Eine andere Prozedur gab es in Rostock, die bis Ende des 19. Jahrhunderts bestand und oftmals heftiger Kritik ausgesetzt war: „Das Neujahrs-Gehen der Rostocker Prediger“. Angeprangert wurde dieses Thema bereits 1794, wie die „Neue Monatsschrift von und für Meklenburg“ berichtet. So war es üblich, dass die jeweils jüngsten Prediger der Kirchen mit den Küstern eine Rundum-Visite in ihrer Gemeinde machten.
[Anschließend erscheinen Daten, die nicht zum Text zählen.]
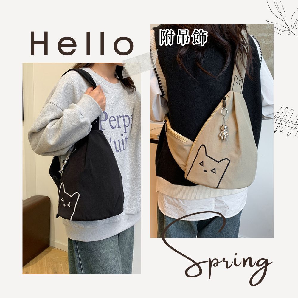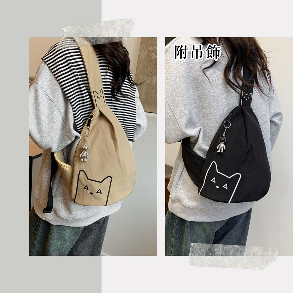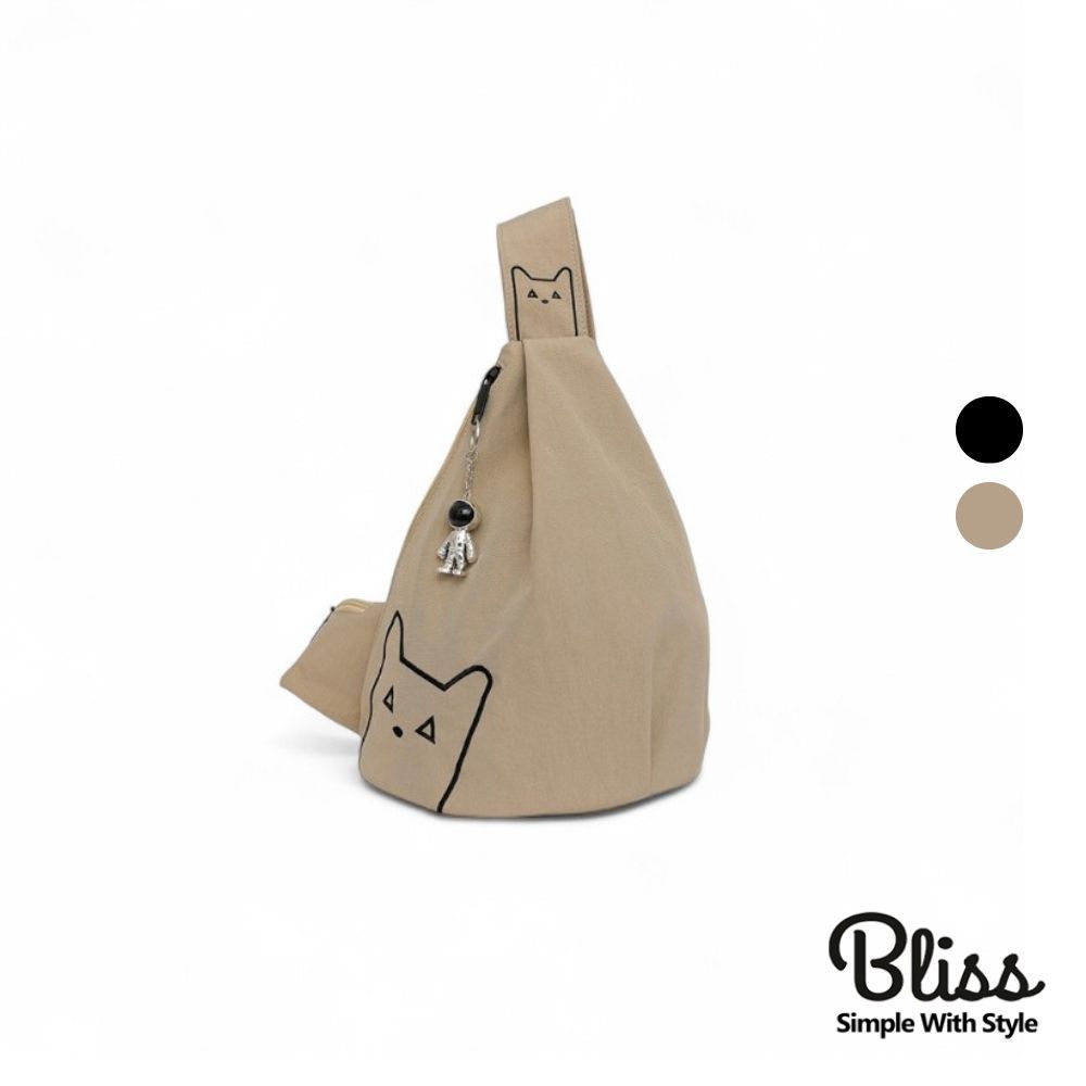 簡約刺繡線條貓咪側背袋 肩背包 手提包 斜背包 側背包 胸包 2色黑色|卡其Bliss ~ 各國流行包款 泰國原廠化妝保養品
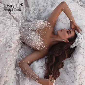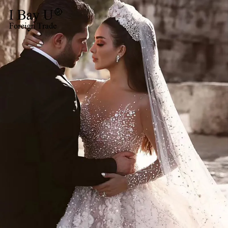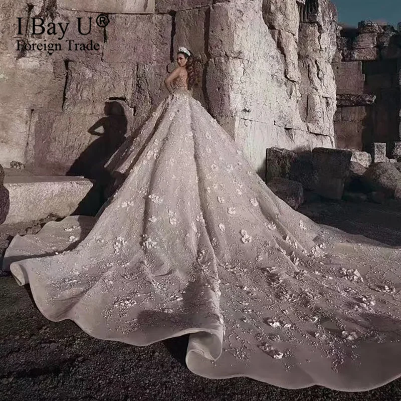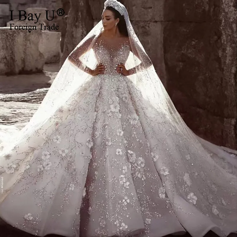 Special Offer مذهل كريستال فاخر عاجي كم طويل فساتين زفاف 2020 كامل الخرز ثلاثية الأبعاد الزهور الترتر فستان زفاف Discount 0% Today!
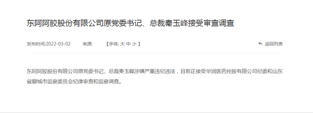3月2日晚,华润医药官网一则消息,引爆网络,据华润医药披露,东阿阿胶原总裁秦玉峰涉嫌严重违纪违法,正接受公司纪委和山东聊城市监察委员会的审查与调查,经媒体报道后,引发舆情。
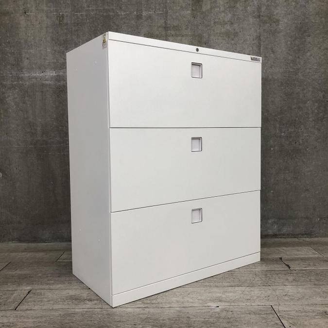 【オフィスの必需品!大容量の三段キャビネット!】■オカムラ(okamura)製 レクトラインシリーズ 3段ラテラル ローキャビネット ■ベース付 ■シリンダー錠 ■ホワイト 【弊社使用欄:A01037187】
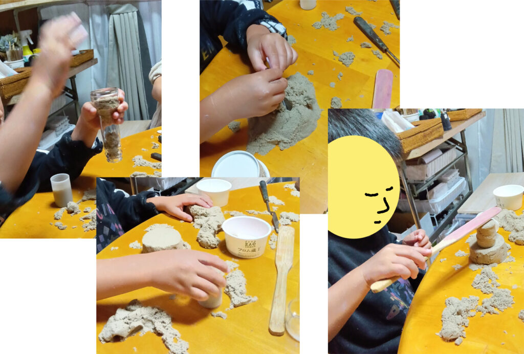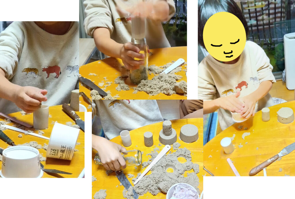 写真-6 キネティックサンド、きちんとした形が出来るのが不思議で楽しいのです。
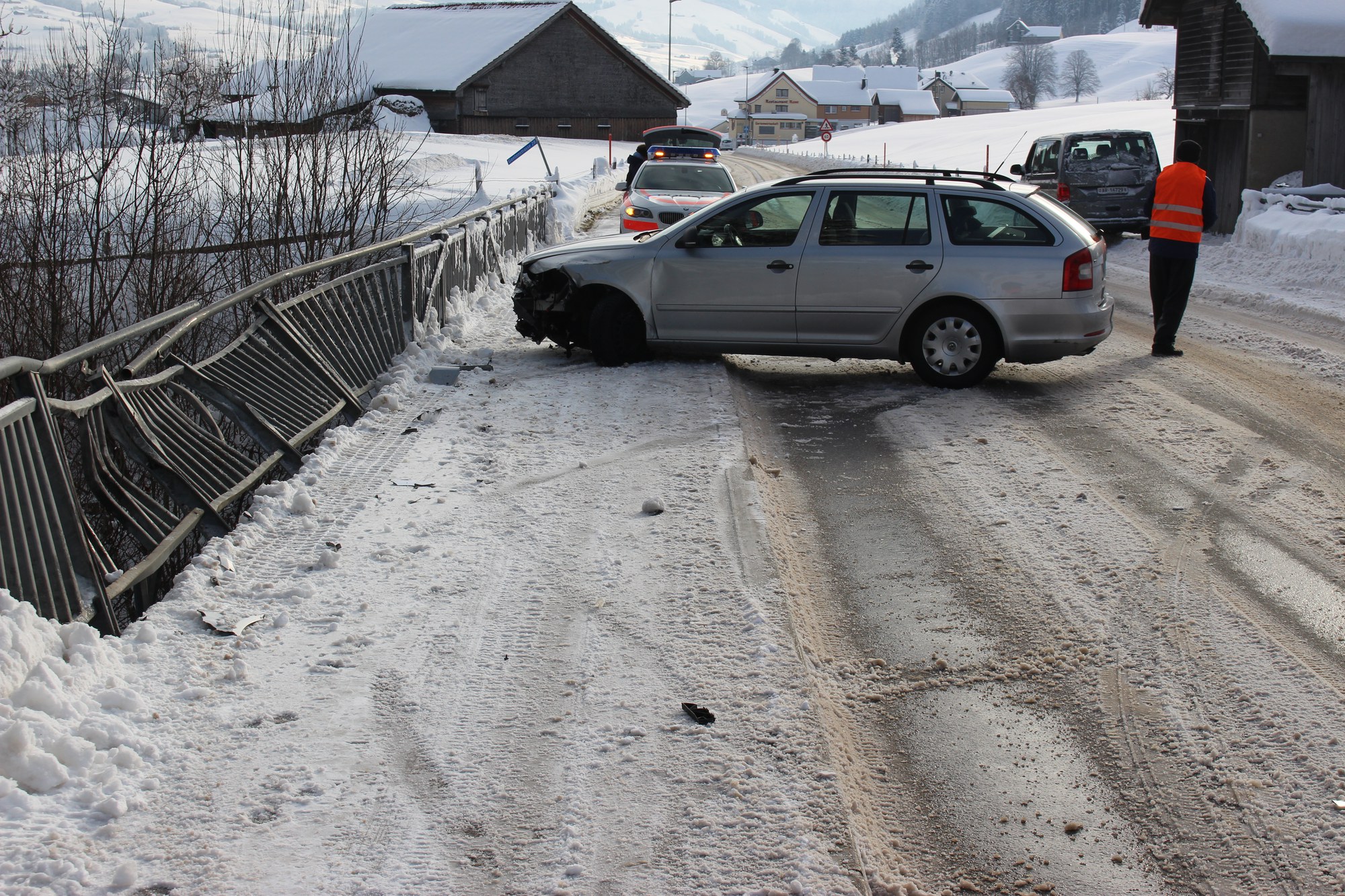 Am Freitagvormittag, (11.01.2019) fuhr eine 41-jährige Frau mit ihrem Auto von Gontenbad her in Richtung Appenzell. Die Strasse war leicht mit Schneematsch bedeckt. Vor der Kaubachbrücke kam das Auto ins Schleudern und rutschte schliesslich mit grosser Wucht in das Geländer der Kaubachbrücke. Am Auto und am Brückengeländer entstand grosser Sachschaden.

Dafür erhielten sie von den besuchten Familien Geldgeschenke, die einen beträchtlichen Teil des Gehaltes ausmachten und so vor allem von Nahrungssorgen befreiten.

Ursprünglich war einmal vorgesehen, dass die Prediger auf diese Weise mit den Gemeindegliedern bekannt wurden und vor allem auf die Erziehung der Jugend rechtzeitig Einfluss nehmen sollten. Das rückte aber in den Hintergrund, und gern nahmen die Kirchenleute auch ein paar Würste, einen Braten oder andere Lebensmittel an. Das alles wurde aber von vielen als anstößig und ehrentwürdigend empfunden und stattdessen empfohlen, die Gemeinde möge insgesamt für eine entsprechende Besoldung aufkommen, um damit den Berufsstand mehr zu achten. Das allerdings geschah in der wohlhabenden Hansestadt erst hundert Jahre später.

Damit nicht genug. Was ansonsten in der Silvesternacht geschah, hat Karl Bartsch (1832-1888) in seiner zweibändigen Sammlung „Sagen, Märchen und Gebräuche“ zusammengetragen und fast ein halbes Hundert seltsamer Gepflogenheiten für Silvester/Neujahr aufgeschrieben – aus den unterschiedlichsten Dörfern und Städten des Landes. Vor allem ging es darum, dass die Obstbäume gut tragen, die Früchte auf den Feldern gedeihen, Menschen und Tiere gesund bleiben, dass Feuer oder Unwetter und vor allem keine bösen Geister Schäden anrichten können. Es gab allerlei Orakel und Abwehrzauber.

So wurde beispielsweise der Trog mit Salz, Rauch oder glühenden Kohlen rein gehalten, damit das Vieh gedeihe. Die Hühner bekamen am „Olljohrsabend“ Erbsen als Futter, die zuvor gezählt wurden. Die Anzahl der gefressenen Erbsen gab Auskunft über die zu erwartenden Eier im nächsten Jahr.

Schließlich gab es noch den „Hundertjährigen, mit seinen Wetterprognosen. „Wind in der Silvesternacht wenig Hoffnung aufs neue Jahr macht“, „Weihnachten im Klee, Ostern im Schnee“, „Ist Weihnachten gelind, im Januar die Kälte beginnt“ oder „Wenn an Neujahr die Sonne lacht, gibt’s viel Fische in Fluss und Bach“.